# The Flying P Line, PAMELIA



## ncell (Jan 31, 2006)

G'day...I am a newbie and hope this postng is in the correct arena,,,

I am looking for information re the *'Flying P line* 'and in particular its ship *PAMELIA*. I believe that she was a 1438 ton square rigger built in 1888. Other than that I have NO information. I am interested in finding out her trade route, in particular if she would have been in Australian waters circa 1900-1906? Unfortunately, she is not as famous as many of her other P line sister ships and the info online is scant.

A second wish is to discover if the *crew * members of the Flying P line wore *uniforms * at the turn of the twentieth century?

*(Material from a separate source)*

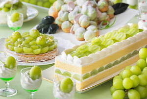 シャインマスカットショートケーキ / シャインマスカットロールケーキ / シャルロットシャインマスカット / シャインマスカットレアチーズ / フィユテフリュイルージュ / シャインマスカットタルト / シャインマスカットシュークリームなど約12種)

ANY information or references are most welcommed

Nancy C...Orlando, Fl


----------



## jim barnes (Dec 7, 2005)

WElcome aboard, i am sure you will get the info shortly, good ship for knowledge, unbelievable,GOOD LUCK (*)) (Hippy)


----------



## Bruce Carson (Jun 14, 2005)

Hello Nancy:
Welcome to the forum: hope you enjoy the information and fun here.
Here is a short history of the barque and a couple of pictures:

http://tinyurl.com/akj82
http://tinyurl.com/9muff

Bruce C.


----------



## ncell (Jan 31, 2006)

Many thanks for your kind welcome...good to know that I'm in the right place!!!

Nancy


----------



## ncell (Jan 31, 2006)

Thanks for the bit of instant gratification Bruce...nice sites....Nancy


----------



## ncell (Jan 31, 2006)

*ship's route*



Bruce Carson said:


> Hello Nancy:
> Welcome to the forum: hope you enjoy the information and fun here.
> Here is a short history of the barque and a couple of pictures:
> 
> ...


In re to the information posted about the PAMELIA...one more question (sorry, I always seem to have one more question!)
http://www.bruzelius.info/Nautica/Ships/Merchant/Sail/P/Pamelia(1888).html
Btwn 1904-1909 the captains of the ship are noted but not the routes...It seems that the ship's route was btwn the UK and Chile before and after this time...I had seen a refernece online which I'm pasting below with a reference that sounds like the ship was in Australia? ANY ideas how I might confirm this???

Vessel Name: PAMELIA
> Vessel ID: 599990078
> Vessel Type: Square-rigged ship
> Owner: Flying P Line
> Abstract: George Dibbern first went to sea in the square rigger PAMELIA
in 1907 and did 3 voyages in her before he jumped ship in Australia

THANKS....Nancy


----------